The descriptive statistics for five growth-related traits—body weight (W), body length (BL), total length (TL), body height (BH), and body width (BW)—were measured in 1200 individuals from the self-cross population of hulong hybrid grouper (Table 1 and Table 2). The mean values for W, BL, TL, BH, and BW were 7.72 ± 3.73 g, 63.93 ± 10.98 mm, 73.92 ± 12.18 mm, 21.07 ± 3.87 mm, and 10.51 ± 2.41 mm, respectively. The population showed a significant segregation of growth, with a minimum body weight of 1.30 g (Figure S1), a maximum body weight of 28.16 g and a coefficient of variation (CV) of 48.32%. In contrast, body length showed the lowest CV (17.18%). The frequency distribution histograms for all traits approximated a normal distribution (Figure 1). This was further supported by the Quantile-Quantile (QQ) plots (Supplementary Figure S2), where the majority of the data points closely followed the reference line, suggesting that the phenotypic data for all growth traits were approximately normally distributed.

3.2. Phenotypic Differentiation and Sequencing Data from Extreme Group

The significant segregation of character was observed between the fast-growing and slow-growing groups (Table 3). The maximum weight of the fast-growing group was 28.16 g, the minimum weight was 11.61 g, and the average weight was 16.14 ± 2.56 g. The maximum weight of the slow-growing group was 7.97 g, the minimum weight was 1.31 g, and the average weight was 2.56 ± 1.30 g. The mean body length of the fast-growing group (84.87 ± 3.92 mm) was nearly double that of the slow-growing group (45.05 ± 5.87 mm).
Whole-genome resequencing of the two groups with extreme segregated body weight generated a total of 1.40 Tb of raw data. After quality control and filtering, 1.22 Tb of high-quality clean data was retained for subsequent analysis. The clean reads from all individuals within each group were pooled to create a fast-growing and a slow-growing group, respectively. The effective sequencing depth for the fast-growing and slow-growing groups reached 813.55× and 873.71×, respectively. The quality of the sequencing data was high, with Q30 scores of 95.82% and 96.10%, and GC contents of 41.39% and 41.34% for the respective groups. Detailed statistics, including the number of clean reads for each pool, are provided in Supplementary Table S2.
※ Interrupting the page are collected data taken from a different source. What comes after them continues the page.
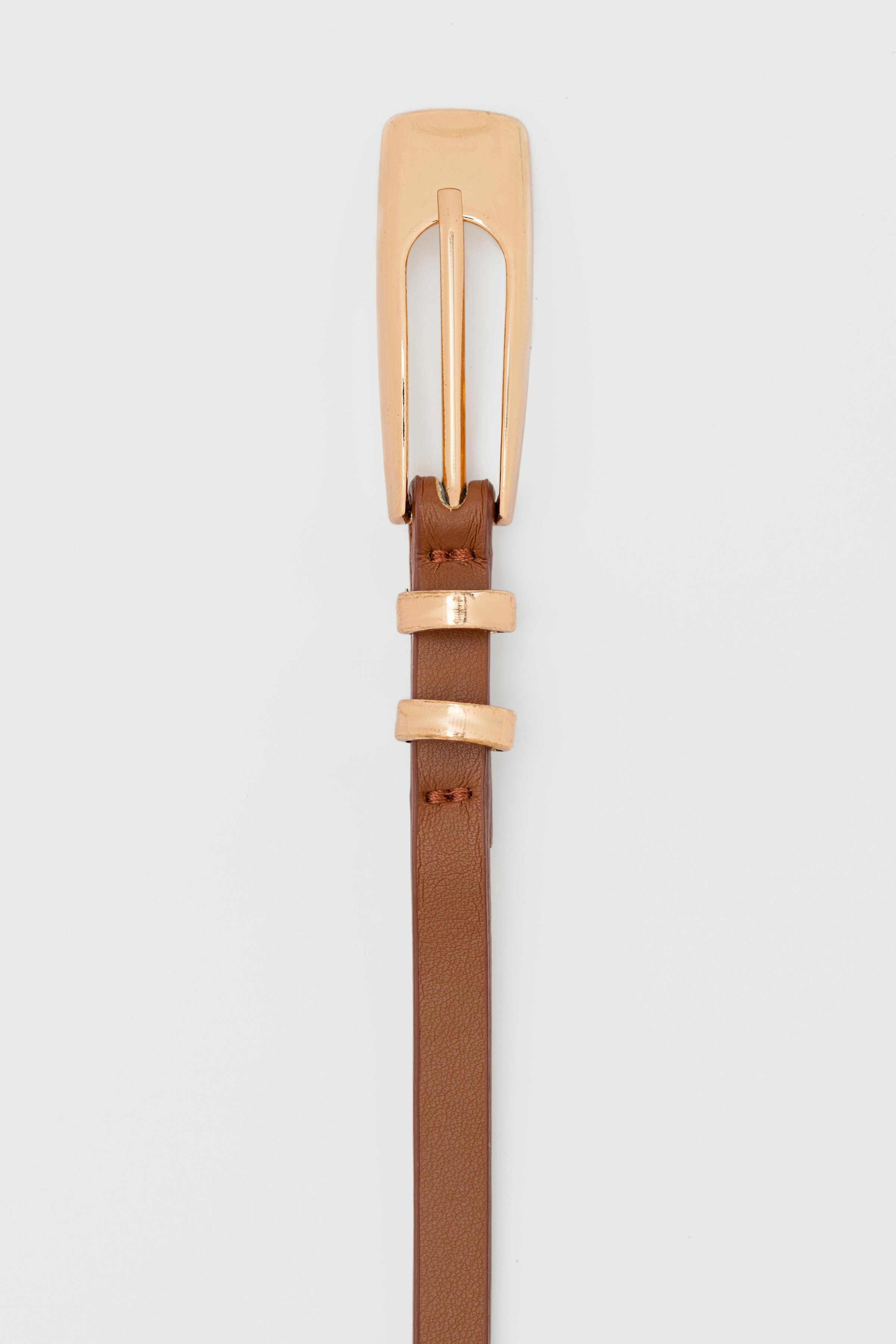 Uzun Dikdörtgen Tokalı İnce Suni Deri Kemer Taba (shule008458)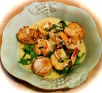 For sea scallops: Separately, pan sear the sea scallops in a hot pan with the butter. Dust the scallops with fresh ginger, a squeeze of lime or lemon juice and fresh ground pepper (or white pepper if you prefer). When nicely seared on each side (about 2-3 minutes per side depending on size of the scallops), you’re ready to plate.
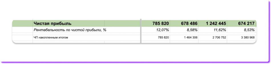 В конце вы получите чистую прибыль, из которой уже вычли все основные расходы ↓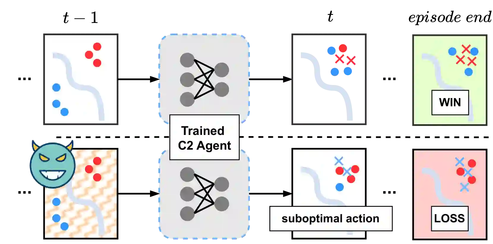 最新研究成果表明,通过强化学习技术和合成数据训练的 C2 智能体在赢得模拟兵棋推演方面取得了相当大的成功。这在一定程度上归功于 RL 训练的可扩展性,事实证明它在探索和利用不同策略方面具有巨大优势,即使面对困难或复杂的场景,并且只给定环境的部分信息时也是如此。然而,这些评估都是在良性环境下进行的,在这种环境下,C2 智能体可用的信息被假定为未被破坏。实际上,这在战场上是不太可能的,因为在战场上,由于信息的收集方式(来自传感器或其他来源),信息可能存在固有的噪音,或者可能被敌方篡改。在这项工作中,我们将评估这种训练有素的智能体在 C2 环境中受到潜在对抗性输入时的鲁棒性。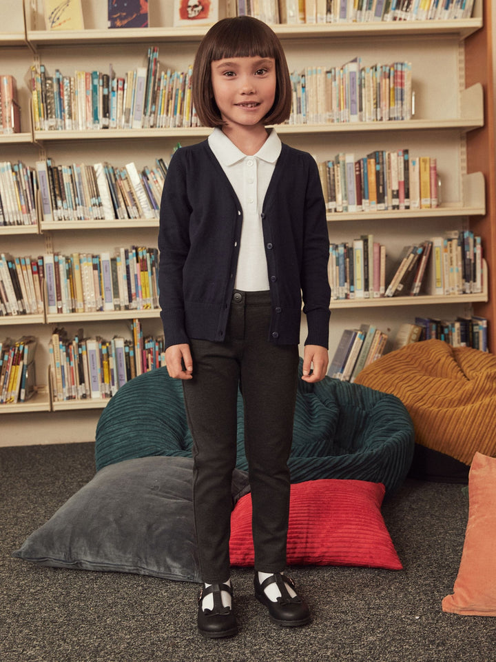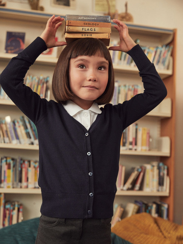 Layering perfection, this navy blue V-neck cardigan is made from a rich-cotton blend for ultimate comfort and breathability throughout the hectic school day – an all-year-round staple. Lasting Colour - Lasting colour properties to ensure colours stay vibrant and bright wash after wash. Cotton Rich - Cotton rich blend for ultimate comfort and breathability. Button-through V-neck style Machine washable Machine washable. 80% Cotton, 20% Nylon. Country of Origin: Bangladesh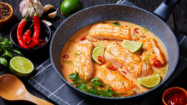 In a similar vein, adding citrus slices to foil or parchment parcels of fish not only adds flavor but also helps to eliminate odors. You can even use acidic ingredients in a sauce to poach your fish. For example, a creamy tomato sauce or coconut milk sauce with zingy lime will make your fish deliciously tender and flaky while also ensuring there's no pesky odor of fish permeating your entire house.

3.3. Identification of Growth-Related QTLs

After alignment and variant calling, a total of 4,225,629 high-quality SNPs were retained for analysis following stringent filtering. These SNPs were distributed relatively evenly across the genome, with the number of SNPs per chromosome ranging from 100,160 to 206,940 (Figure S3).
The BSA analysis results show that a QTL exceeds the 95% confidence interval, ranging from 1 Mb to 3.5 Mb on chromosome 2 (Figure 2; Supplementary Figure S4). The G′ statistic results also showed that there was a peak exceeding the threshold on chromosome 2 (G′ value > 16.44), ranging from 0.063 Mb bp to 3.1 Mb bp on chromosome 2 (Supplementary Figure S5). Therefore, a region from 1 Mb to 3.1 Mb on chromosome 2 was identified as a candidate QTL. This candidate QTL contained 23 annotated genes (Table 4) and a total of 3446 SNPs. 82 SNPs were located within the exonic regions of genes, comprising 31 non-synonymous and 51 synonymous mutations.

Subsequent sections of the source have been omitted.